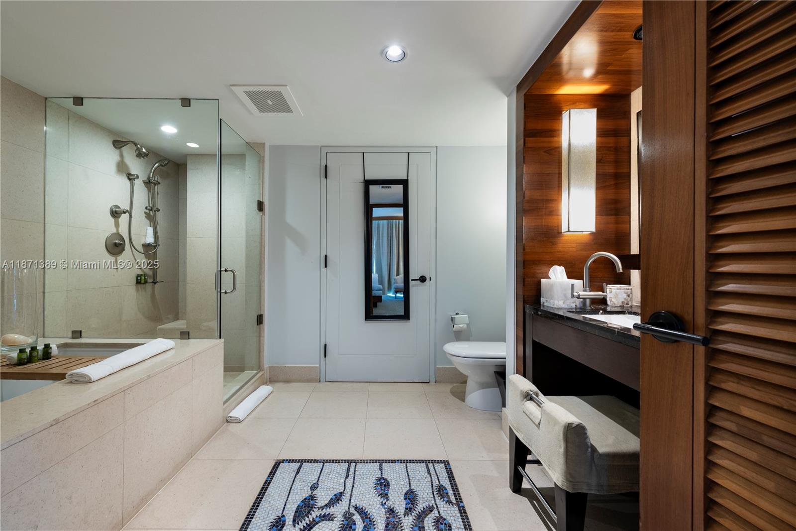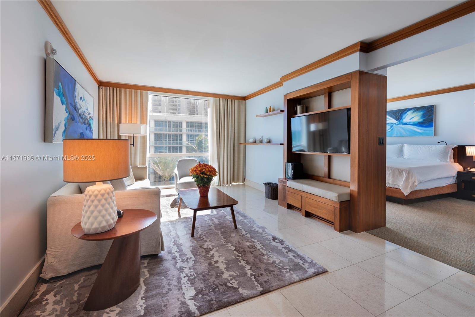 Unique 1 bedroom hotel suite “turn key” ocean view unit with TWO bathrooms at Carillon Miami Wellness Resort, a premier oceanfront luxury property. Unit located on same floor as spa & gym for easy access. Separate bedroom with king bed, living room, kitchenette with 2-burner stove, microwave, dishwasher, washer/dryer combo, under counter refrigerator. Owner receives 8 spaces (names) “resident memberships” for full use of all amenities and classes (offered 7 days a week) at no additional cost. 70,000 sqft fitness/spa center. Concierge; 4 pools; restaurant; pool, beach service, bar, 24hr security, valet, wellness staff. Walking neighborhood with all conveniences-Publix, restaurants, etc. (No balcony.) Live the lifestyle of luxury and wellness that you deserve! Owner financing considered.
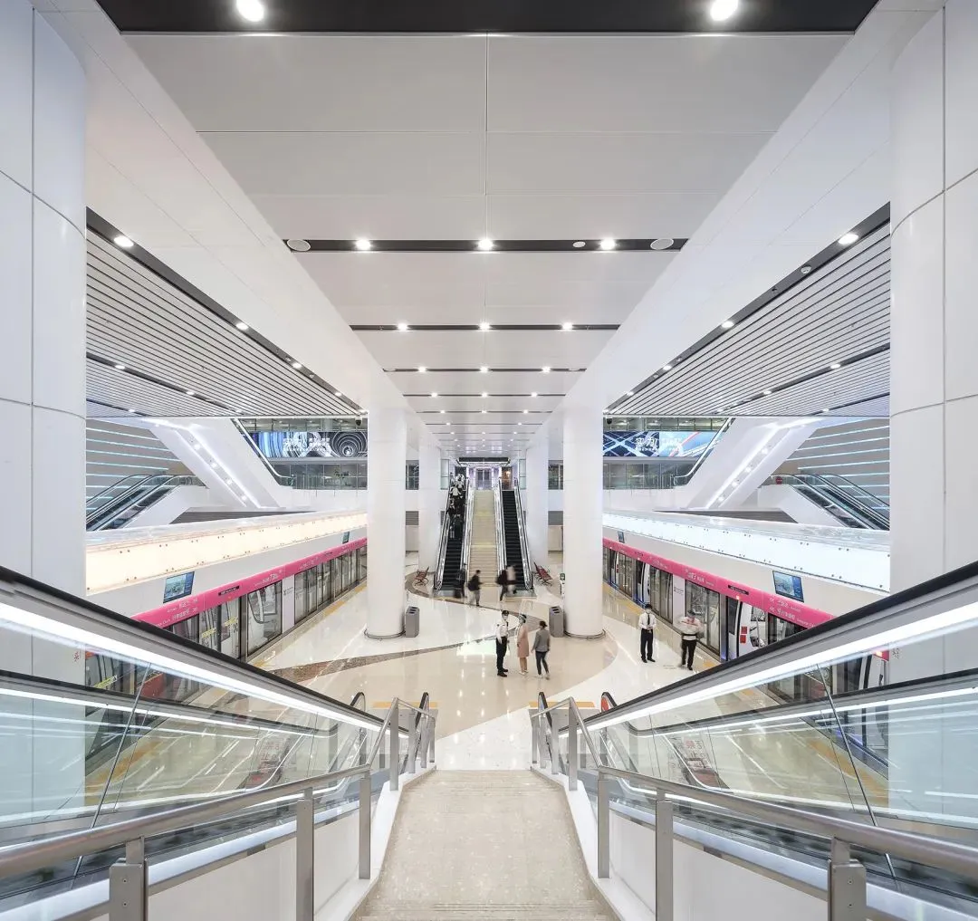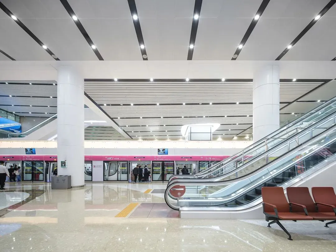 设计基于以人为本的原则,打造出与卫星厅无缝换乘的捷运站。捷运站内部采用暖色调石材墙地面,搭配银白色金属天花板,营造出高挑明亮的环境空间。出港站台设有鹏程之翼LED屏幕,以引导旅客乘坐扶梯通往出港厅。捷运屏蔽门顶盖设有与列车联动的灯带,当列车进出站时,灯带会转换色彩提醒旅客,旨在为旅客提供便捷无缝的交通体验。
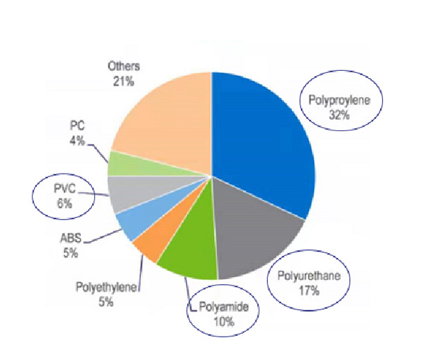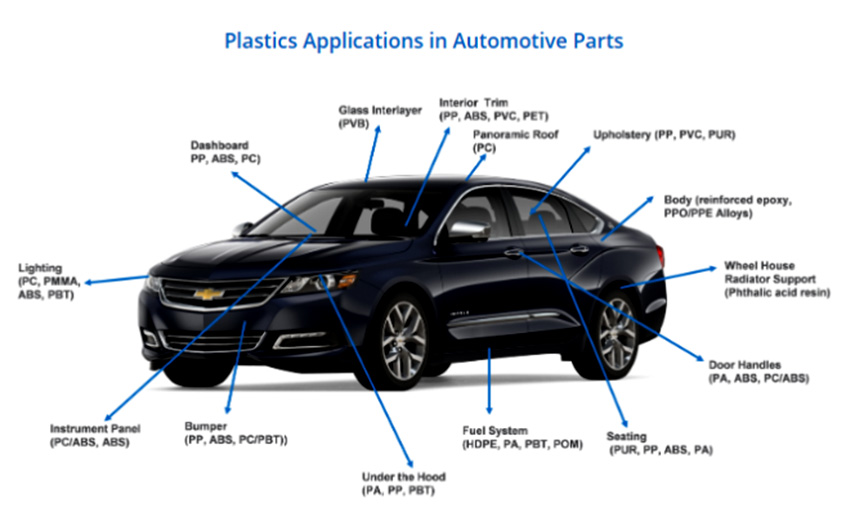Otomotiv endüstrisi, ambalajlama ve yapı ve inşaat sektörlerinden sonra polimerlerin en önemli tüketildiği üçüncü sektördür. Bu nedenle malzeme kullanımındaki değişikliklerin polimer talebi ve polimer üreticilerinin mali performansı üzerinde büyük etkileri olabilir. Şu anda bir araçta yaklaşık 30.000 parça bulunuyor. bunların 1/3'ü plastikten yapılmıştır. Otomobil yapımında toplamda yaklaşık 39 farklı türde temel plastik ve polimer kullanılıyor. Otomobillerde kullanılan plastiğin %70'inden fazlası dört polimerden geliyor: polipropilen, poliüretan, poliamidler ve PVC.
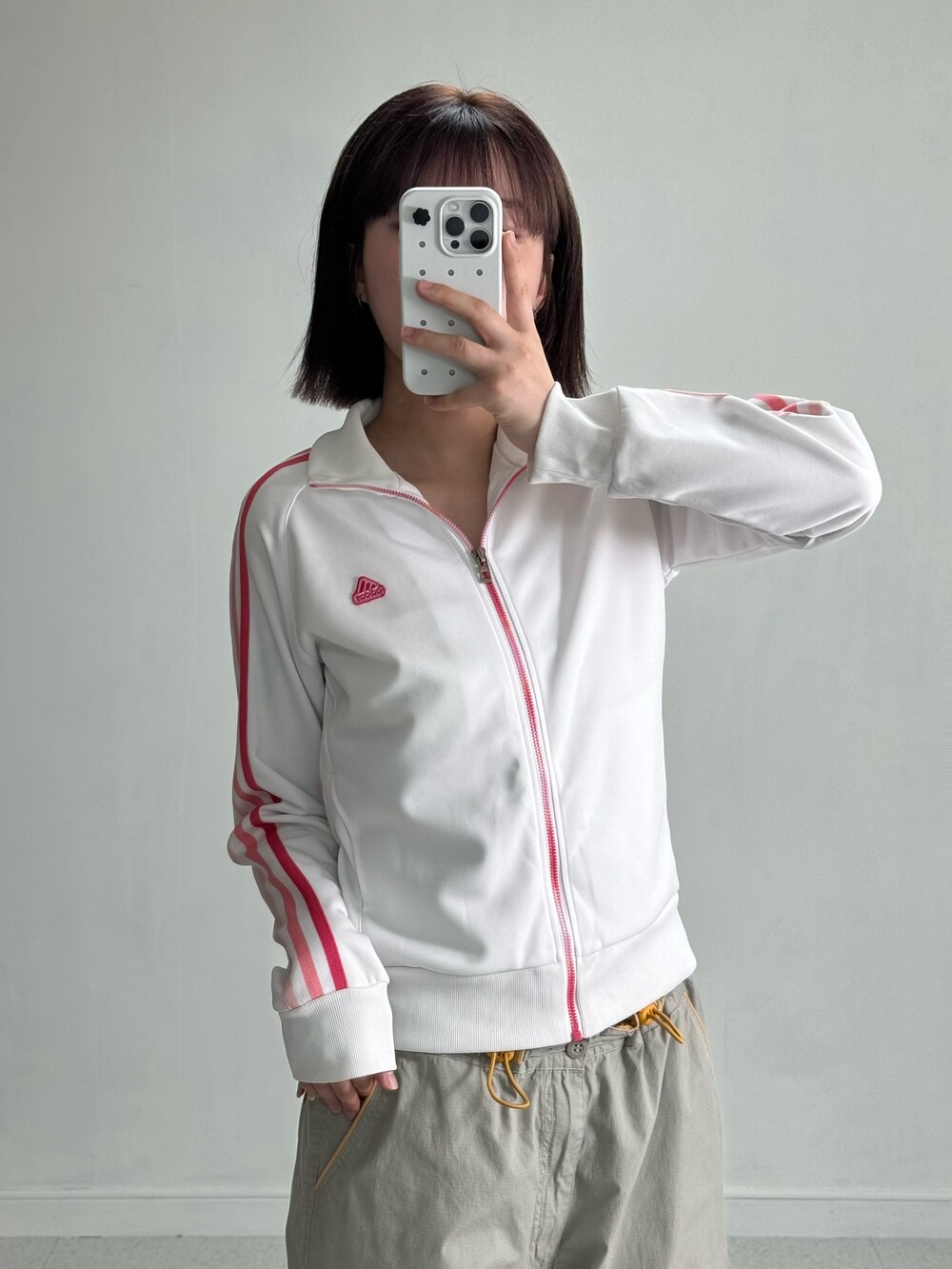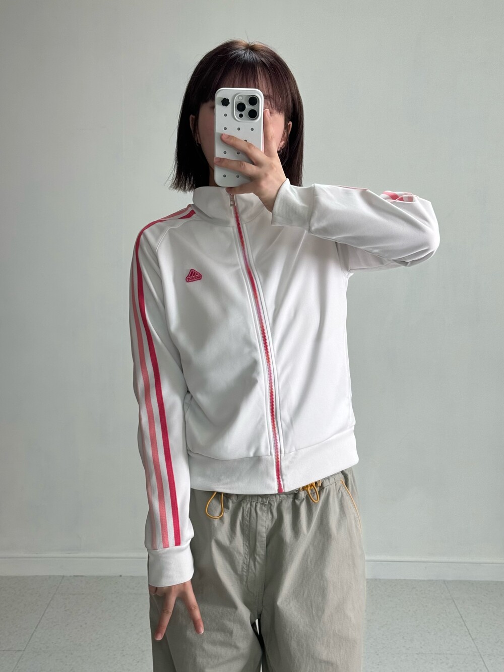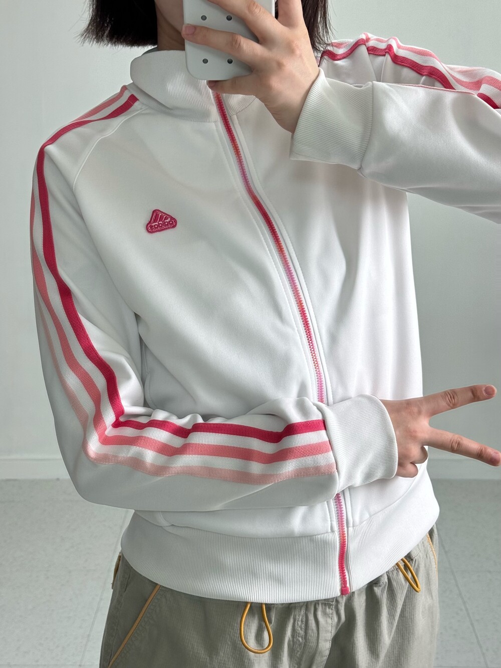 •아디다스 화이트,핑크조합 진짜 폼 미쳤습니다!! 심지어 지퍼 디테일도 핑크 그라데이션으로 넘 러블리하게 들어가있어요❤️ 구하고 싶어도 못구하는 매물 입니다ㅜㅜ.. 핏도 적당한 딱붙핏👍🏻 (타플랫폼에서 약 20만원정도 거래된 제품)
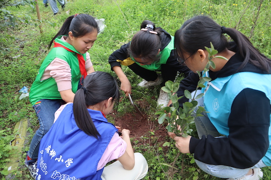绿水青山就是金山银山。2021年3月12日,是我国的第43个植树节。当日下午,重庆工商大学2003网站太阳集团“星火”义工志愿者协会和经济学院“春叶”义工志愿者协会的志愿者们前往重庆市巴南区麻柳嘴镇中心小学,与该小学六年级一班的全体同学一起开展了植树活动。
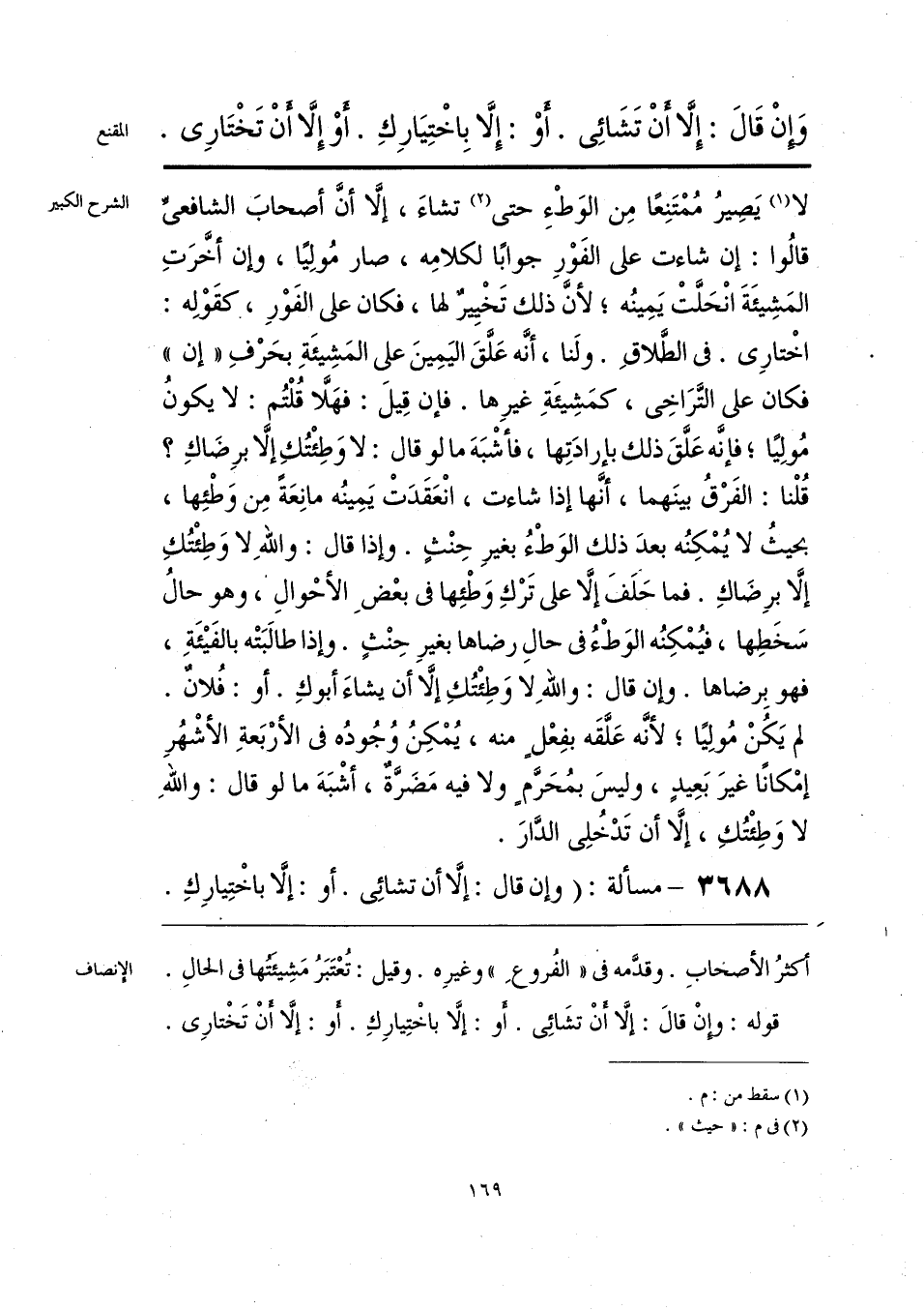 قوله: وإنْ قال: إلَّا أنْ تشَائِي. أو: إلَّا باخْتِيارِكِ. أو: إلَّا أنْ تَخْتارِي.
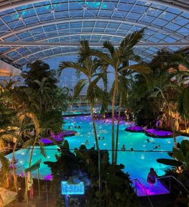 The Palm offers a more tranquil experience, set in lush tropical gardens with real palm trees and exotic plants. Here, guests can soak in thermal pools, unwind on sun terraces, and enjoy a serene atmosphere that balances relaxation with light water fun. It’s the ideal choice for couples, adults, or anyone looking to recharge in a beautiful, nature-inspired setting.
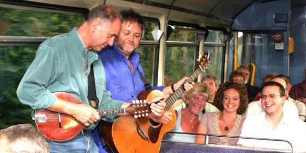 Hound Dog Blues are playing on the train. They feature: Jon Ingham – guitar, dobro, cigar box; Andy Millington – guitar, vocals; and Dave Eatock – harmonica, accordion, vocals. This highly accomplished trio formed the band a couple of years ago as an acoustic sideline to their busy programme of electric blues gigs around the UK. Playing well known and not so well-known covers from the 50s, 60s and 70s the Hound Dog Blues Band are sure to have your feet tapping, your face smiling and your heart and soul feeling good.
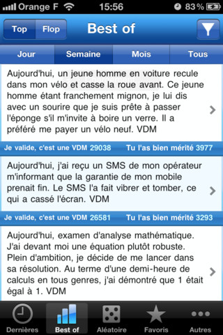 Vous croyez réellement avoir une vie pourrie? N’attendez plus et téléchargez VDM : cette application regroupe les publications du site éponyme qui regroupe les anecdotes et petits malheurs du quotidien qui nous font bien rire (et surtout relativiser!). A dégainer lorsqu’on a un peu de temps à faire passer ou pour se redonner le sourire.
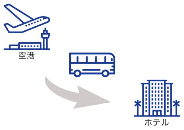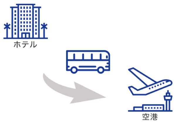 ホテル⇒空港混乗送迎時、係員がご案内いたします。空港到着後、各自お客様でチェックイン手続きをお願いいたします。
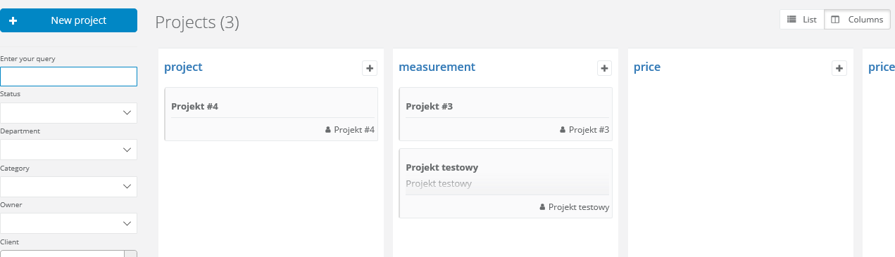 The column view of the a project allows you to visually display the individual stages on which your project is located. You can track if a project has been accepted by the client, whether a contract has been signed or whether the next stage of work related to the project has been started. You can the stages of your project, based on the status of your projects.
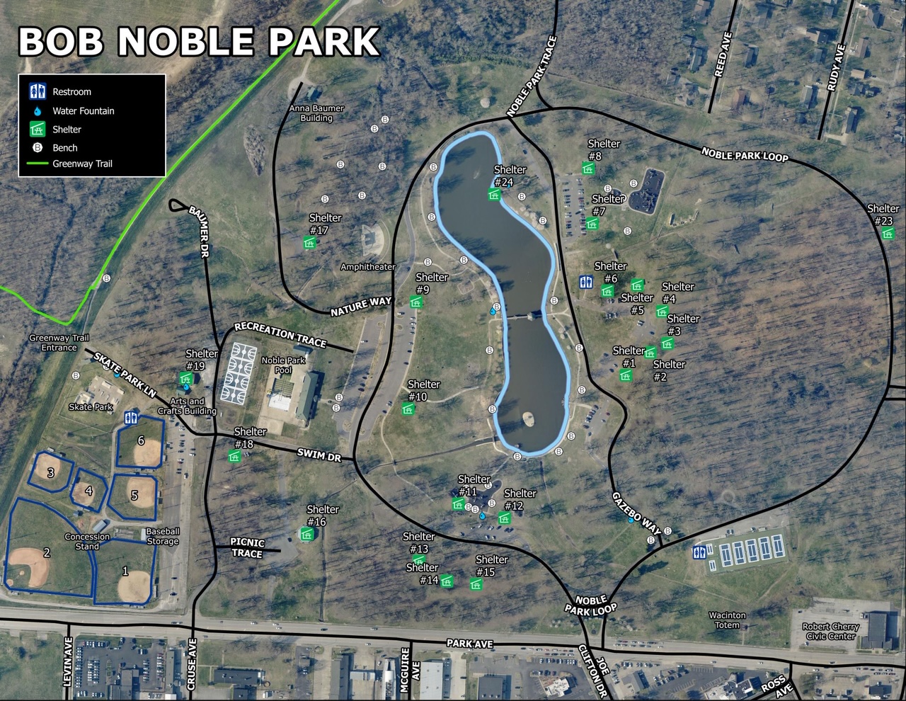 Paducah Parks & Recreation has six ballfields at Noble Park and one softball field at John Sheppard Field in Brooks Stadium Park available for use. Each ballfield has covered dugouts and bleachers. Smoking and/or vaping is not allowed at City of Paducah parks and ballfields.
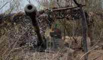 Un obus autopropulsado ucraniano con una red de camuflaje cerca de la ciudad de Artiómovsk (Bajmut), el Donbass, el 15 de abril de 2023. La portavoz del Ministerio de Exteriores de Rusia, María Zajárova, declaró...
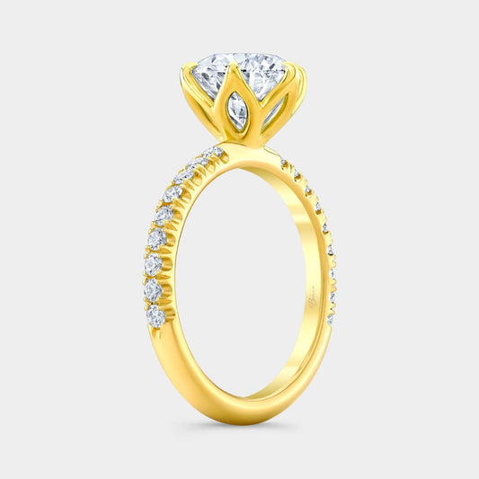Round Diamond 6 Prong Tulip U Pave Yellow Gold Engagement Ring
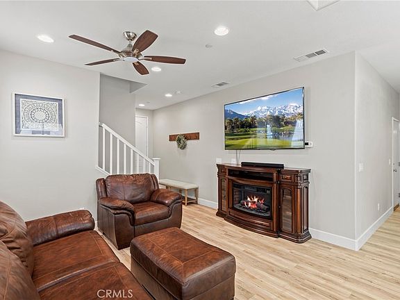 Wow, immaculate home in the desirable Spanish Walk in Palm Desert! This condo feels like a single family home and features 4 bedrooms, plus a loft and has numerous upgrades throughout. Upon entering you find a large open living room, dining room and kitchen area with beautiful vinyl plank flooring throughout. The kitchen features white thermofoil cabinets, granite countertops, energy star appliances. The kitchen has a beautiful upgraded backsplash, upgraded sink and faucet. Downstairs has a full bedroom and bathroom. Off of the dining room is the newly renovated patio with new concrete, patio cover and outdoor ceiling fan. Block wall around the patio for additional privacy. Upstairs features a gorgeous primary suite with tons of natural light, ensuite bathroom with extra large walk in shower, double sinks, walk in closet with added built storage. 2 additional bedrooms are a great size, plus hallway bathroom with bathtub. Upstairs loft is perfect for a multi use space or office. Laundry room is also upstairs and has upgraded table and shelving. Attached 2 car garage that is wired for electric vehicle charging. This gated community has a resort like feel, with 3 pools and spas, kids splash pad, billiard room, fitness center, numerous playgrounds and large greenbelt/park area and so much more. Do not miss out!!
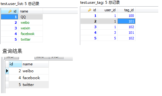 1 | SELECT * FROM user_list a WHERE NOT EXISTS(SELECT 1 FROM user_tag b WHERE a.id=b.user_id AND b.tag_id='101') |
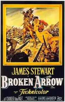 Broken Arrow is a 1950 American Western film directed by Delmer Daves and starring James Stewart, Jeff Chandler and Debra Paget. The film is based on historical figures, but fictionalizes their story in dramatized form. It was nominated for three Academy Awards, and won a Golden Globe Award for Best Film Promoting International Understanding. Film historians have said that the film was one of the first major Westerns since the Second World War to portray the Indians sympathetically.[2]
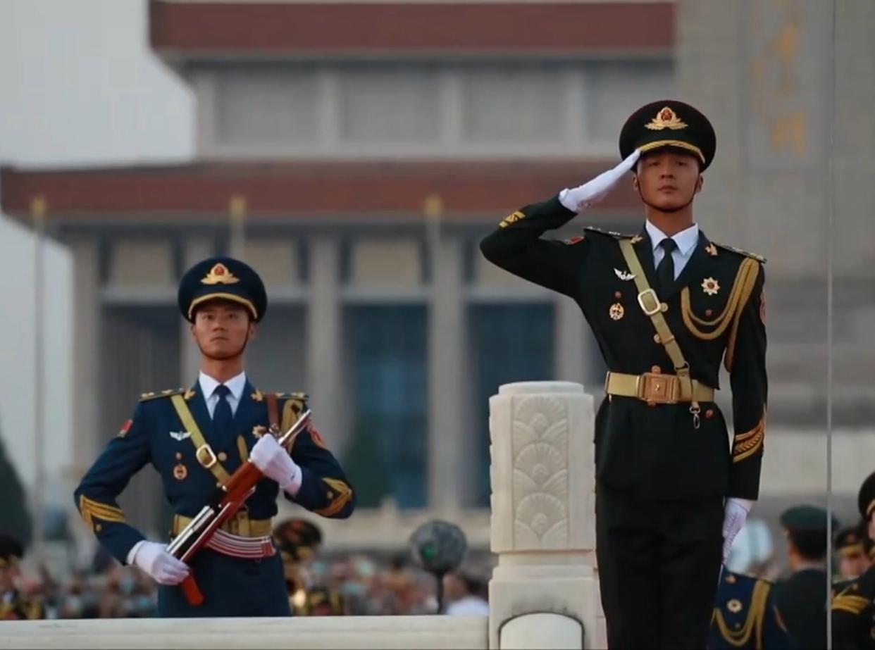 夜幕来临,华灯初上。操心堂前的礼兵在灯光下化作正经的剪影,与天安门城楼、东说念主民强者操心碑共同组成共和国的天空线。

————

[About this exercise]:
With the pictures removed, print only the lines starting at the line that has "Vous croyez réellement" and ending at the line that has "ホテル⇒空港混乗送迎時、係員", both ends included, exactly as they stand above.

[Finished task]:
 Vous croyez réellement avoir une vie pourrie? N’attendez plus et téléchargez VDM : cette application regroupe les publications du site éponyme qui regroupe les anecdotes et petits malheurs du quotidien qui nous font bien rire (et surtout relativiser!). A dégainer lorsqu’on a un peu de temps à faire passer ou pour se redonner le sourire.
 ホテル⇒空港混乗送迎時、係員がご案内いたします。空港到着後、各自お客様でチェックイン手続きをお願いいたします。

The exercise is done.